[RPG] Murder thestery and high fantasy magic – how to make it work?


I am intending to have a murder mystery for my next game, set in a high fantasy setting in 13th Age. The setting we are playing in is very close to Eberron in tone, where magic is prevalent and powers industry and economy.

The problem I am having now is coming up with a plausible murder mystery scenario in a setting where you have disguise self (hence any alibi cannot be trusted), illusions/domination (hence witnesses are not reliable), closed environment not really being closed (dimension door, teleport, pass wall etc.) and monster summons (hence not needing a murder weapon).

While 13th Age doesn't have many of those spells available, it is possible that NPCs have it, as implied by the setting. It's the sense of "magic can do anything hence there is an infinity number of ways the murderer could have killed the victim!"

How can I

  1. design a mystery that can be done via magical means, but any classes, not only casters, can solve it?

  2. design a mystery such that the players can rule out magical means without requiring an encyclopaedic knowledge of magic ("Pass wall couldn't be used here because it is the wall is lined with lead" kind of thing). I could have magical defenses, but I don't want too much contrivance ("Oh, it's the THIRD murder scene where it is warded against magic. How convenient!")

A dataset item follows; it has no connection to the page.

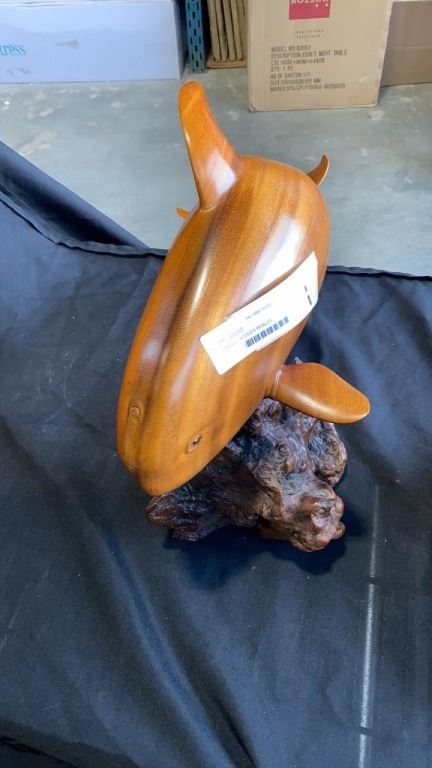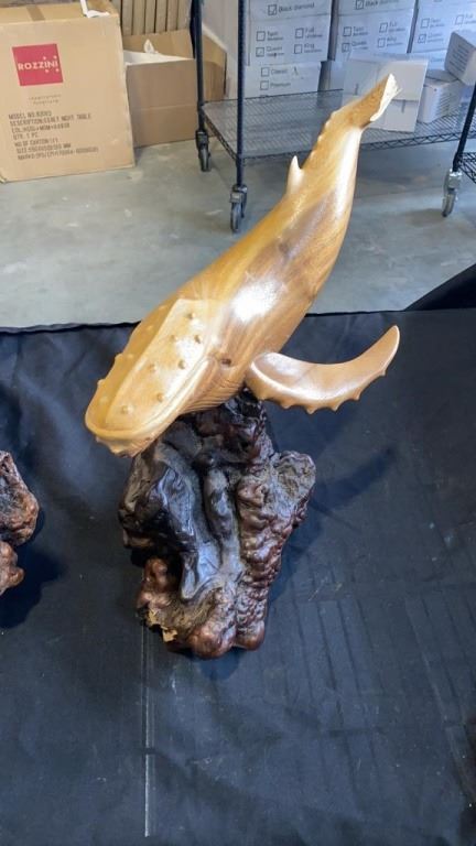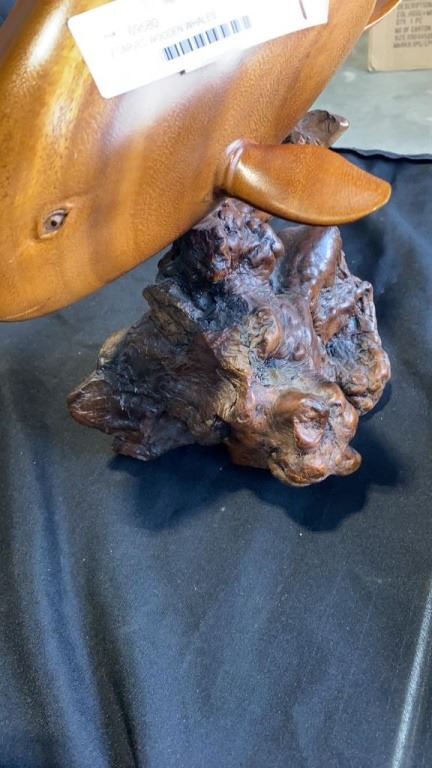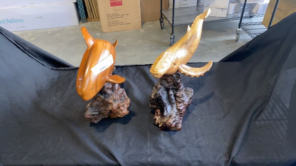 2 CARVED WOODEN WHALES ONE HAS TAIL DAMAGE

  3. explain why there still could be clues lying around despite it that there is magic (say, what sort of clue should a dimension door or magical portal leaves behind?)

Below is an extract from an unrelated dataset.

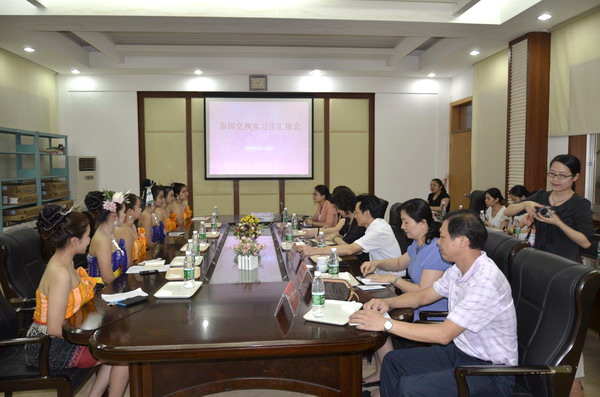 汇报会上,由马秋平副院长主持并对泰国交换生一个月 的生活和学习情况进行了总结,总结中指出泰国交换生的学习生活多姿多彩、学习内容丰富充实,并希望泰国交换生能把中国文化和中医传统特色带回泰国,实践于 临床,并发扬光大。随后,泰国交换生对这一个月的学习情况作了全面的、精彩的汇报,并表演了泰国的传统舞蹈,优美的舞姿赢得与会人员的拍手称赞。接着,由 吴彬院长和星空彩票老版本下载第一附属医院护理部黄沂副主任分别进行了总结,总结提出,此项交流合作项目对护理学院和医院的临床教学的教学质量起到了提升促进 作用,而且对教学师资也起到了很大的指导作用。

  4. show the players that the murderer is using mundane means so that they won't suspect a caster did it -and- why the murderer could use mundane means when they have magic at his/her disposal.

Best Answer

A few thoughts: unless your player characters are supposed to be on par with Sherlock Holmes, solving crimes based on nothing more than clues available at the scene, there should be quite a bit of legwork and talking involved in an investigation. It sounds like you're looking for a closed room murder ("all the windows and doors were locked from the inside!"), but if you set the murder on the night of a big party at the same location, you have instant access to a slew of potential suspects and witnesses. Even if the murderer wasn't attending the party that night (which might be a clue in and of itself: "why wasn't Lord Crawford at the party last night?"), you could easily place someone who knows something in the crowd.

Second, just because a murderer has access to magic doesn't mean the actual murder itself was magical in nature. Even a powerful wizard might turn to a dagger or nearby heavy blunt object in a fit of rage. A dagger in the back is clearly (though perhaps misleadingly, if it was placed there postmortem) mundane. As far as clues, the wizard may have escaped via dimension door, but perhaps footprints (ink from an inkwell knocked over in a struggle, or blood) leading away from the corpse suddenly vanish in the middle of the room, or a magical fetish or used spell components or what have you lie discarded on the floor. A murder, even a premeditated one, can be very unsettling to the murderer, who may not have the presence of mind to be very careful.

Lastly, you could provide the characters with a foil (an assistant or out-of-their-league detective, depending on why the characters are in charge of the investigation) whose purpose is to ask leading questions that you can use provide clues if they are struggling ("the murderer came in this window, right? Then why does it look like it was forced open from this side?").